Sunday, November 24, 2024

Opioid lawsuits should proceed, magistrate tells MDL judge

Lawsuits
Opioid

CLEVELAND (Legal Newsline) – A magistrate judge has recommended that a bellwether trial against the opioid industry proceed, rejecting nearly all of the arguments presented by manufacturers, distributors and retailers in their motions to dismiss hundreds of lawsuits accusing them of causing a national crisis.

In a 103-page report released late Friday, Magistrate Judge David A. Ruiz said it was too early to dismiss a lawsuit by Summit County, Ohio, before plaintiffs have been allowed to sift through millions of documents industry defendants are being forced to disgorge during discovery.

The magistrate judge, hired by U.S. District Judge Dan Aaron Polster to help administer the massive multidistrict litigation over opioids, recommended only part of Summit County’s nuisance claim be dismissed due to a conflict with an Ohio law restricting certain public nuisance claims involving regulated products. But Ruiz recommended all of the other claims - including fraud, racketeering, negligence and unjust enrichment - be allowed to proceed, 

The report represents a thorough defeat of the industry’s attempt to halt the MDL and increases the pressure to negotiate a settlement, even if an agreement that fairly apportions liability and distributes the proceeds will prove extremely difficult to achieve.

Defendant companies filed their first motions to dismiss in May, based on arguments they can’t be held responsible for injuries stemming from poor prescribing practices by physicians or the illegal diversion of their products. The municipal plaintiffs fail to name a single physician who was misled by their marketing information, for example. 

But Ruiz said it was enough for the plaintiffs to describe an alleged scheme to influence doctors with materials designed to minimize the risk of addiction and encourage more liberal prescribing of opioids, without identifying any doctors who were taken in by fraud.

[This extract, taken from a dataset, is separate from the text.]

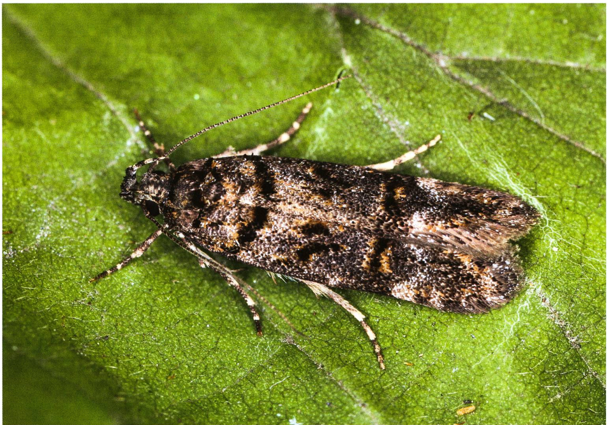
Abb. 4. Teleiopsis laetitia Schmid, 2011

The magistrate judge also rejected arguments illegal acts “broke the chain of causation” necessary to find a defendant liable, saying the opioid industry knew or should have known that they were shipping more pills into communities than could be absorbed through legal use.

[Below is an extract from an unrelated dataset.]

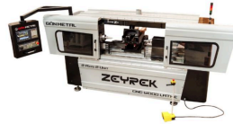
Ürün 2 EKSEN AHŞAP CNC MAKİNESİ

“These actions can to some extent, given the allegations, be attributed and foreseeable to defendants, who allegedly both flooded the market with opioids and created the demand for them,” Ruiz wrote.

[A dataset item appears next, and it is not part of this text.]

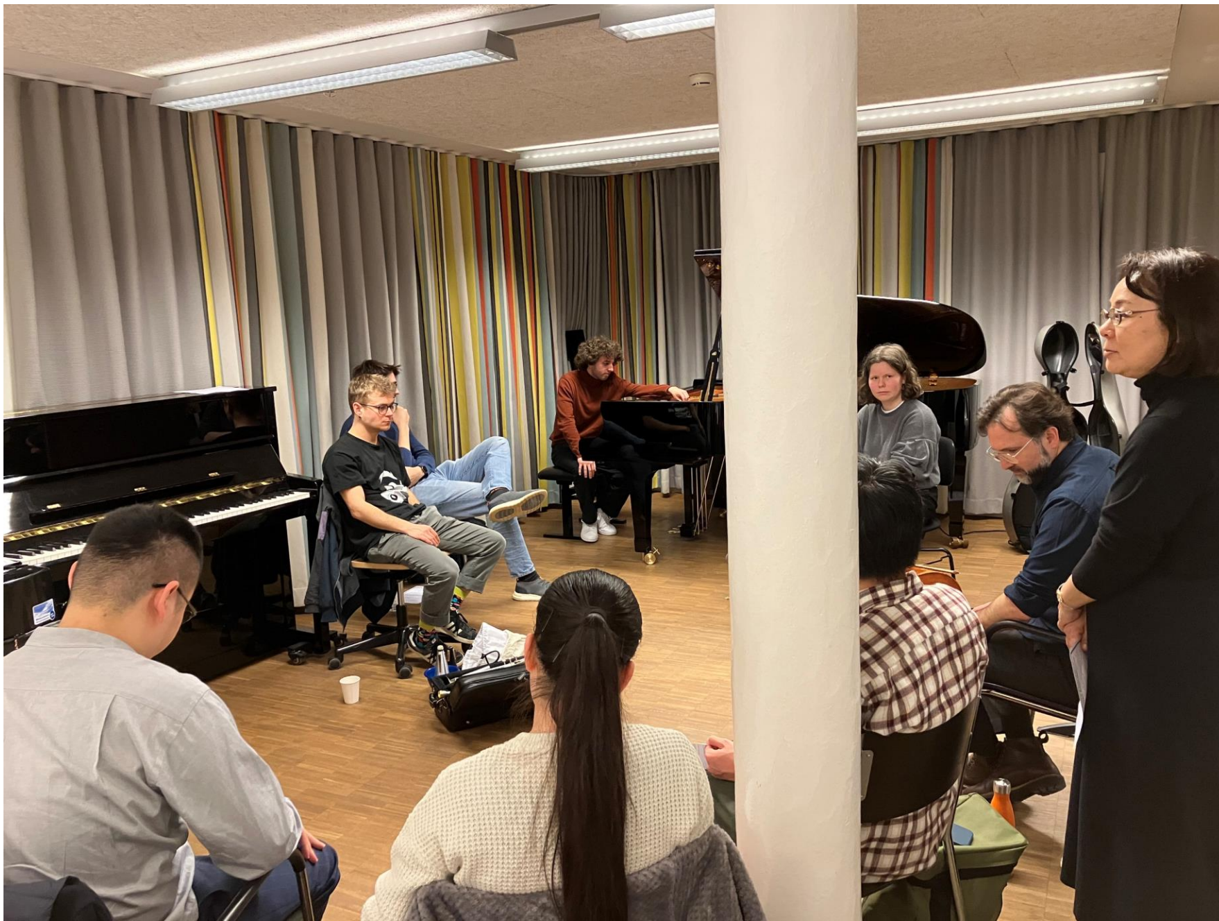
Improvisation workshop at ZHdK

Defendants also argued the so-called municipal cost recovery rule prohibited them from being forced to pay the costs of services that are normally provided by municipal governments. But Ruiz rejected that too, saying the rule can be suspended when a defendant’s conduct is “ongoing and persistent.”

The report is not surprising, given how rare courts grant motions to dismiss in any type of civil litigation. At this stage of a case, the court must treat every allegation as factual, allowing Ruiz to conclude the plaintiffs have made a plausible case the opioid industry collectively conspired to mislead doctors about the safety and efficacy of their products and sell unreasonable amounts into the community.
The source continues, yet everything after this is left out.